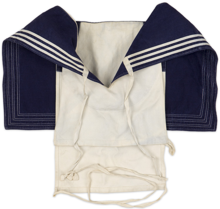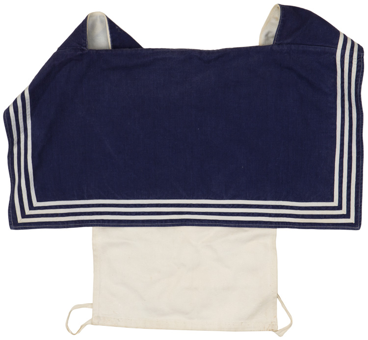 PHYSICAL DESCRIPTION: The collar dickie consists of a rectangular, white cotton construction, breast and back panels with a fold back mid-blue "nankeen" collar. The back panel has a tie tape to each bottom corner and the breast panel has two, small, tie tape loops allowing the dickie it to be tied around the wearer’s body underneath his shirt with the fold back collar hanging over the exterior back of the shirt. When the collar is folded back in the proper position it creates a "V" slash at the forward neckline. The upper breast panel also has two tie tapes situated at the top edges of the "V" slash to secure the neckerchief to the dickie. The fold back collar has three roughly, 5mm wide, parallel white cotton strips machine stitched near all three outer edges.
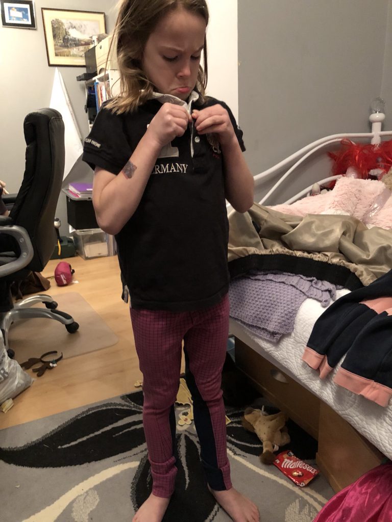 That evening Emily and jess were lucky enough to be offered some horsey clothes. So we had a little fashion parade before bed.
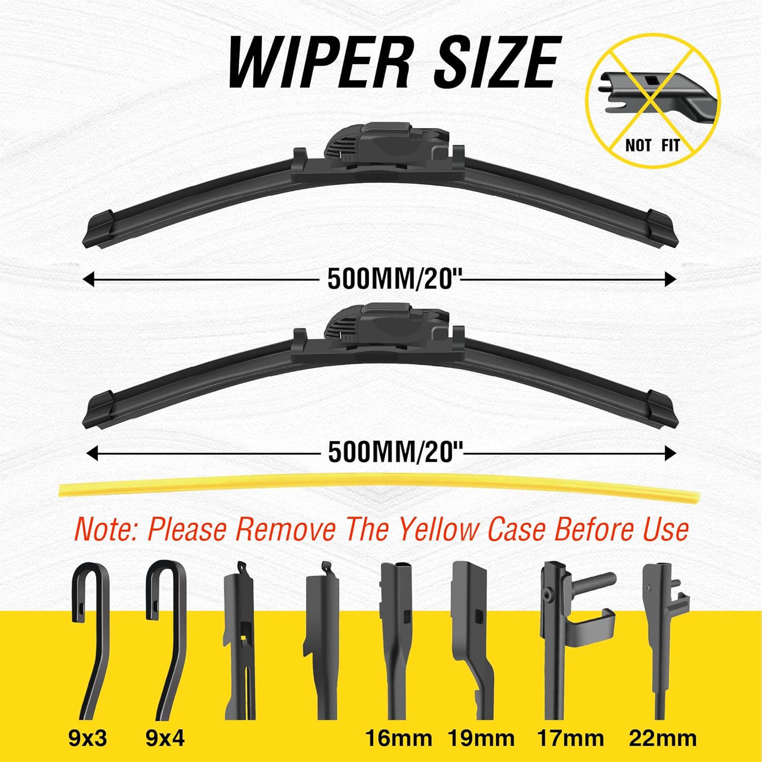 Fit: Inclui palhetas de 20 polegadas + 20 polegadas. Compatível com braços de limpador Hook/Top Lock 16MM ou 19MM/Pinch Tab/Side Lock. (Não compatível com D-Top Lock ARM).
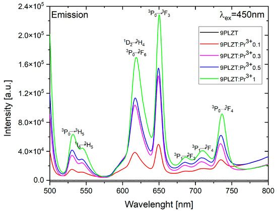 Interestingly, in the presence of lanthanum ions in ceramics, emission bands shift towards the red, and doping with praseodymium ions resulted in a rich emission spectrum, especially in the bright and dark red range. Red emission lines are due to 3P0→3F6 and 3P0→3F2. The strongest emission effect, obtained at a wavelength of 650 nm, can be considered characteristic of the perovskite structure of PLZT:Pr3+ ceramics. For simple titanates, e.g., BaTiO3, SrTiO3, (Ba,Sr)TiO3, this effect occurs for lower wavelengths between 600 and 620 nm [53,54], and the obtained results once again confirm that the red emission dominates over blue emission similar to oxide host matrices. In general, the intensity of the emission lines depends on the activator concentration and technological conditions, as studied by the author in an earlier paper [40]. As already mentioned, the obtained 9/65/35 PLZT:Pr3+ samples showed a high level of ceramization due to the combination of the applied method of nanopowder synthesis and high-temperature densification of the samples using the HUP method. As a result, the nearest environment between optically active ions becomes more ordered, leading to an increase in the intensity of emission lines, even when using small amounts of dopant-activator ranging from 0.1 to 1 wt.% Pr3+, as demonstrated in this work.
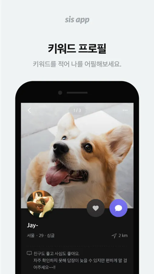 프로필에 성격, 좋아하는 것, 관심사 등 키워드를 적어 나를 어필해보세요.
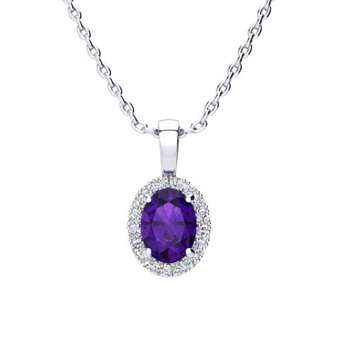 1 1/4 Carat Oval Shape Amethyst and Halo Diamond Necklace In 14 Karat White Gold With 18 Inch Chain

---

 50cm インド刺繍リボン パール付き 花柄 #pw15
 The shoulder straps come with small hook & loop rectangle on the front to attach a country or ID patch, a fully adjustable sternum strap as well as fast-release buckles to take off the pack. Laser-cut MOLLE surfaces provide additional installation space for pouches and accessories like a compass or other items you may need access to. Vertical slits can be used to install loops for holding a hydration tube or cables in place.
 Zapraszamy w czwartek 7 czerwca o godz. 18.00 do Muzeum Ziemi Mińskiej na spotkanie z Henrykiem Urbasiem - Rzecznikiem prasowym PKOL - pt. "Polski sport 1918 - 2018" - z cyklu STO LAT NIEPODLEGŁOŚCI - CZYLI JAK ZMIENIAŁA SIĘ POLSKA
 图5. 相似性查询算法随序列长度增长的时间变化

--

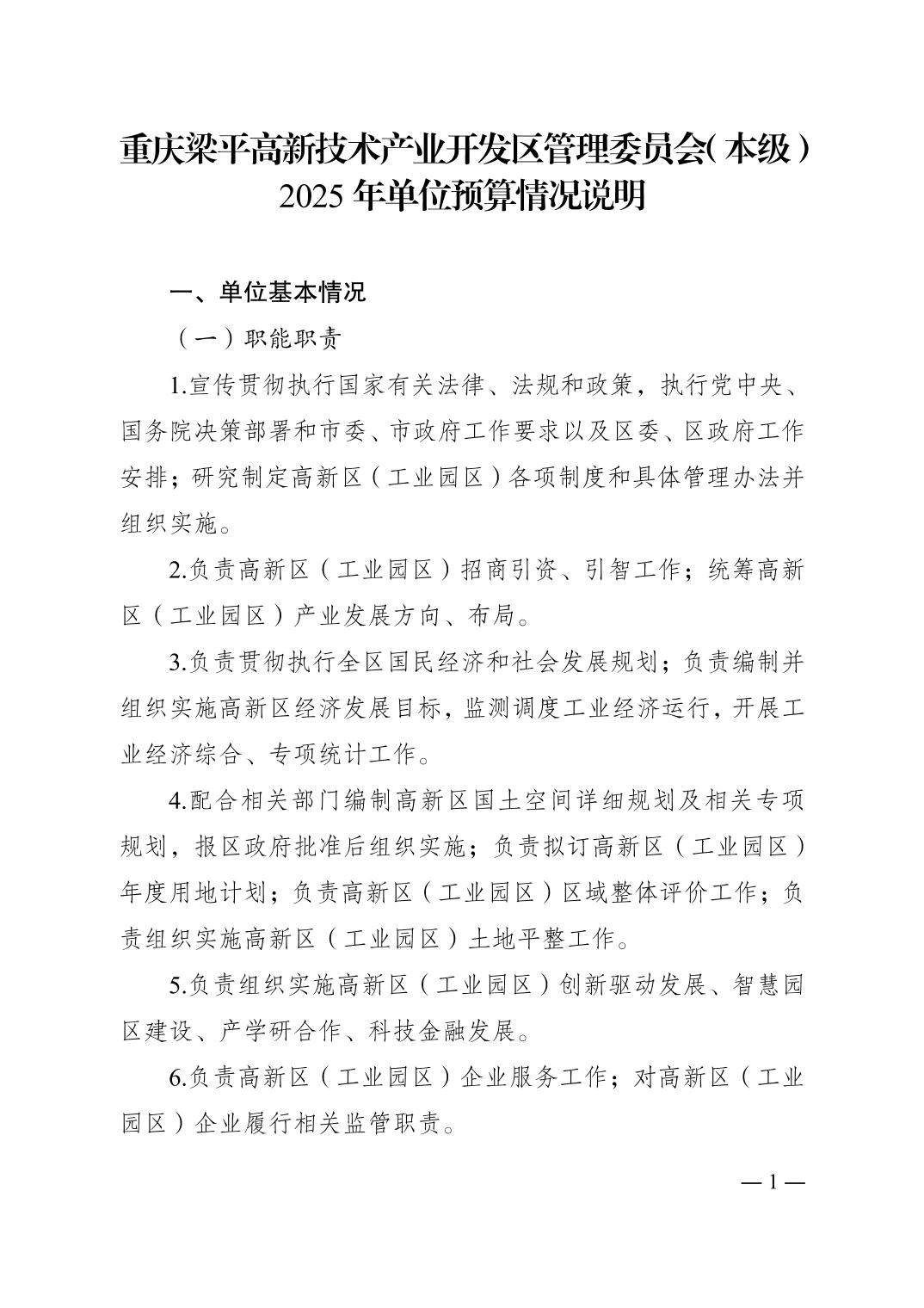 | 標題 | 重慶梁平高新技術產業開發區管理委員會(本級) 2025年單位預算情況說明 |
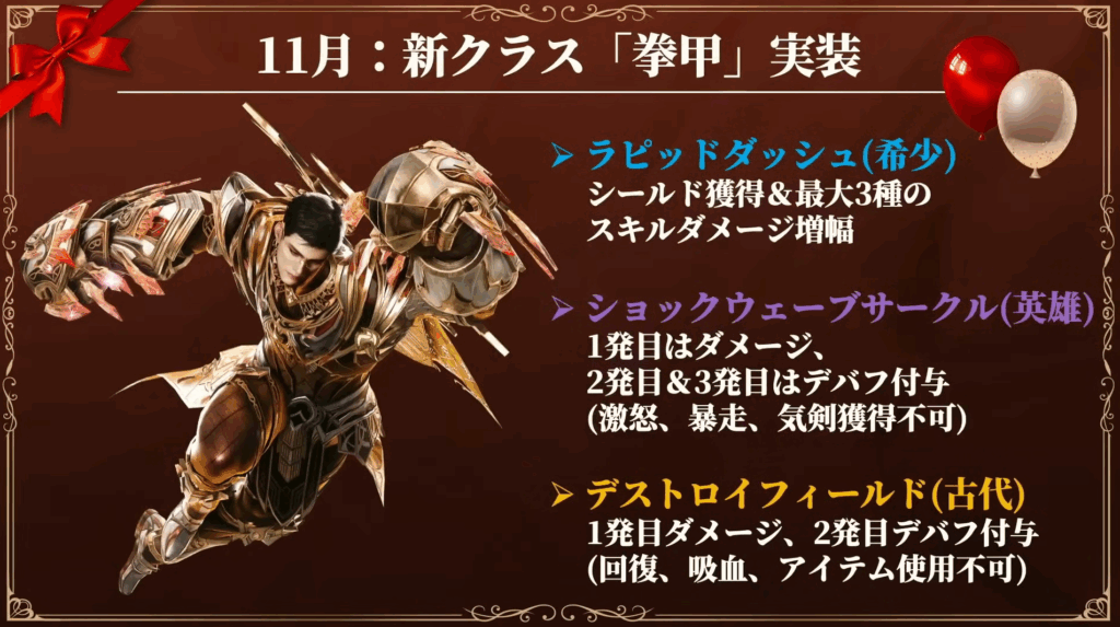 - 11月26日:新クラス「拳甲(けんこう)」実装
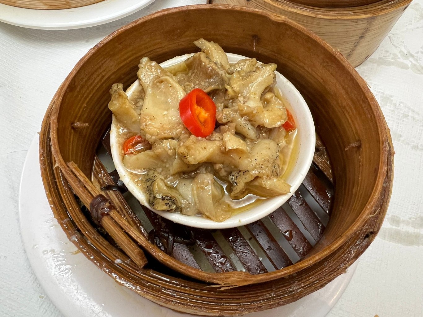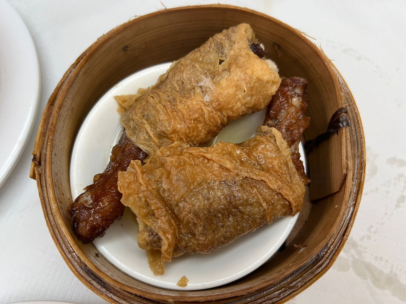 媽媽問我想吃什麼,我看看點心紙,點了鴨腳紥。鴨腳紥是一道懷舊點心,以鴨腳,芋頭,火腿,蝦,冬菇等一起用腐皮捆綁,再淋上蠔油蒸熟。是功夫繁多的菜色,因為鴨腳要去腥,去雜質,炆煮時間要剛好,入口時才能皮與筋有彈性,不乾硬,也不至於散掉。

What needs to be done: Above are the records. Copy word for word only their lines from the one holding "重慶梁平高新技術產業開發區管理委員會(本級) 2025年單位預算情況說明 |" through the one holding "媽媽問我想吃什麼,我看看點心", both included, and skip the images.

Exercise response:
 | 標題 | 重慶梁平高新技術產業開發區管理委員會(本級) 2025年單位預算情況說明 |
 - 11月26日:新クラス「拳甲(けんこう)」実装
 媽媽問我想吃什麼,我看看點心紙,點了鴨腳紥。鴨腳紥是一道懷舊點心,以鴨腳,芋頭,火腿,蝦,冬菇等一起用腐皮捆綁,再淋上蠔油蒸熟。是功夫繁多的菜色,因為鴨腳要去腥,去雜質,炆煮時間要剛好,入口時才能皮與筋有彈性,不乾硬,也不至於散掉。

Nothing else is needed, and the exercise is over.